Query settings

This section contains information about CHYT-specific settings. ClickHouse has a large number of different settings which can be specified in different ways: via the GET parameter of a query, directly in the query via the SETTINGS clause, when using YQL via pragma, or in other ways. For a list of the original ClickHouse settings, see the documentation.

The settings related to CHYT start with the chyt. prefix. Some settings are placed into separate subsections: in this case, the name of the setting will consist of several tokens separated by dots, for example, chyt.composite.enable_conversion.

As usual in ClickHouse, the 1 and 0 values are used as True and False for logical settings.

As usual, many of the settings include certain optimizations that are enabled by default and are listed only to emphasize the possibility of disabling them in case of incorrect optimization.

Available settings

  • enable_columnar_read [%true]: Enables the use of the fast columnar reading interface for tables in scan format.

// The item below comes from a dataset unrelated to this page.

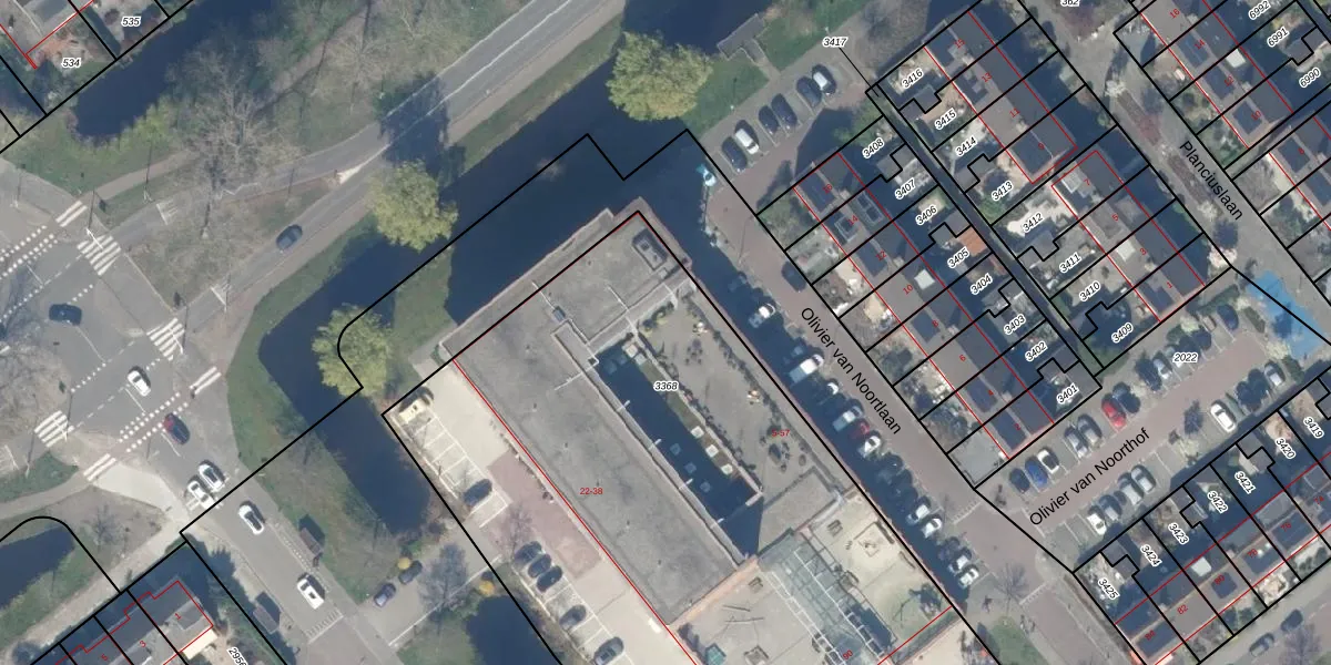 Het perceel waarop Olivier van Noortlaan 19 staat heeft een oppervlakte van 4520 m². Dit is een zeer groot perceel. De perceeloppervlakte wordt geregistreerd door het Kadaster. Gedetailleerde informatie over de maten van dit perceel kunt u vinden in het rapport Kadastrale kaart met maatvoering van Olivier van Noortlaan 19.

  • enable_computed_column_deduction [%true]: Enables the output of values for the computed key columns using the predicate in WHERE. For example, if the key_hash key column is specified in the schema as a result of the farm_hash(key) expression, then if the query condition contains the key = 'xyz' expression, the key_hash = 16518849956333482075 consequence will be automatically added to the predicate. Only conditions of the column = constant expression, column tuple = tuple of constant expressions, column IN tuple of constant expressions, and column tuple IN tuple of constant expression tuples type are supported.

  • infer_dynamic_table_ranges_from_pivot_keys [%true]: Enables the additional step of range output when querying via a dynamic table using tablet pivot keys.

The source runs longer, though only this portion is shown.